Jefferies Flags Potential Pressure on Apple iPhone Prices Despite Strong Demand

Jefferies has raised concerns that Apple’s (NASDAQ:AAPL) latest iPhone lineup may face pressures on average selling prices (ASP), even as overall demand trends appear stronger compared with last year.

Analysts at the firm noted that their “tracking of global lead time and HK’s resale prices indicates rising demand for iPhone 17, although the US is likely the weakest.” Delivery times have increased across all six markets monitored since pre-orders began on September 12, with the base, Pro, and Pro Max models showing higher year-on-year lead times—except in the United States.

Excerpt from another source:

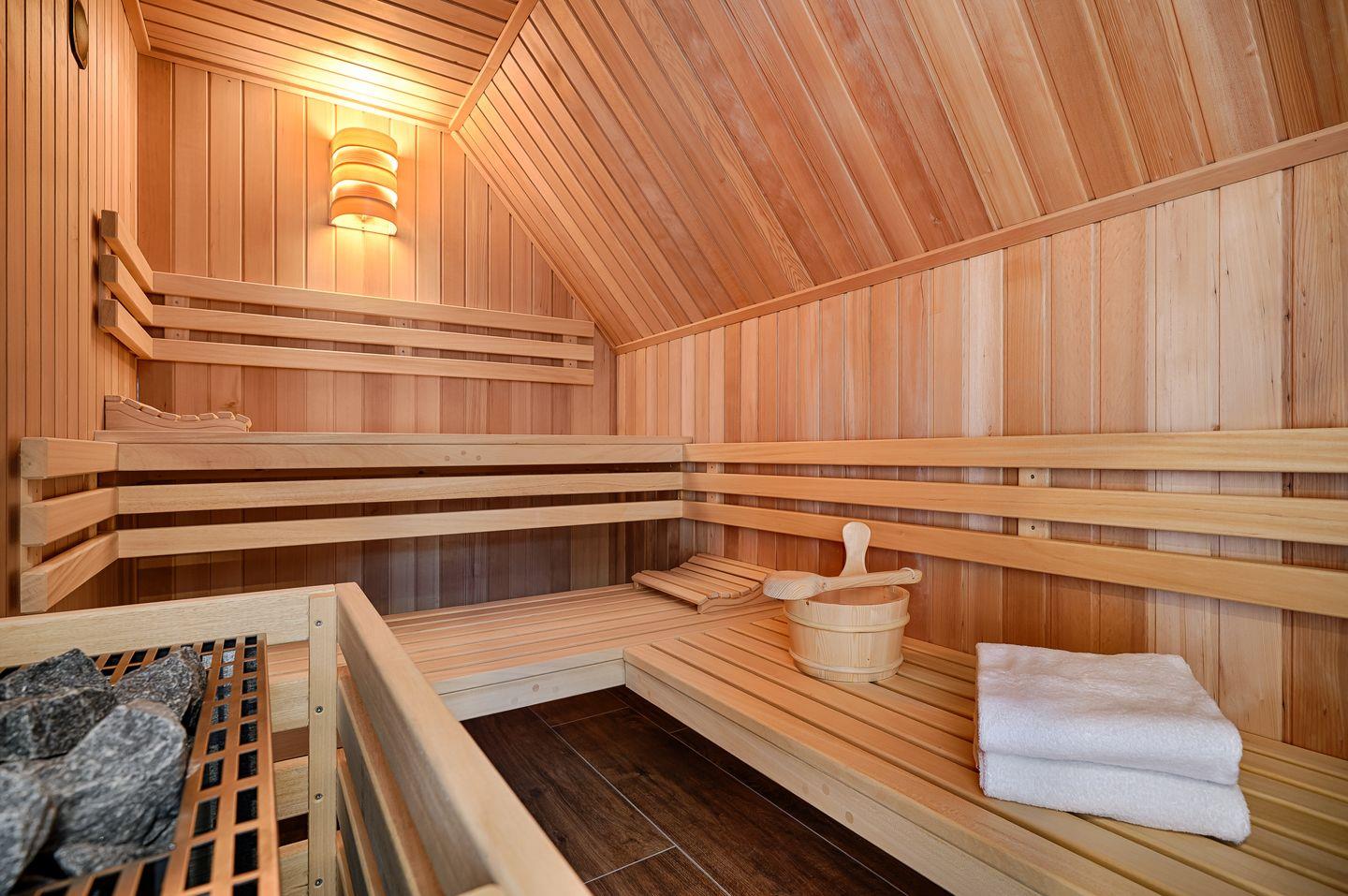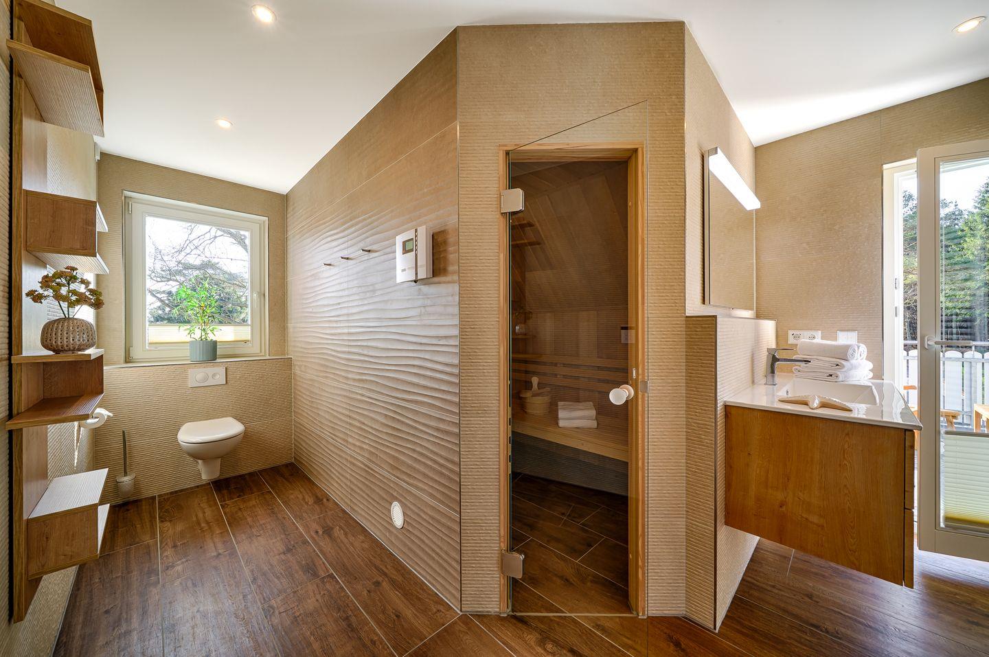 Tageslichtbad mit ebenerdiger Du/WC und anliegender Sauna (kostenfrei), Zugang zur Dachterrasse

Jefferies emphasized that “the US is still the weakest and, bear in mind the US is the largest iPhone market (33% of global unit volume).” China is emerging as particularly strong, with the iPhone 17 base model seeing lead times exceeding 35 days, supported by Apple’s “aggressive pricing (11-14% cut vs 16) and the 256GB being qualified for gov subsidies.” The Pro Max has also experienced longer waits in China, largely due to the unavailability of the Air model there.

In the resale market, Jefferies found “no bid for iPhone 17 base model” and “no bid for 17 Air,” while the Pro recorded only a small premium. Conversely, the Pro Max commanded a premium of 5% to 28% across all 12 variants, compared with nine variants trading at a premium last year.

Despite these positive signals for certain models, Jefferies warned that “downside risk for AAPL in ASP” persists, as strength in the base model “would not be able to offset weaknesses in 17 Air and Pro.”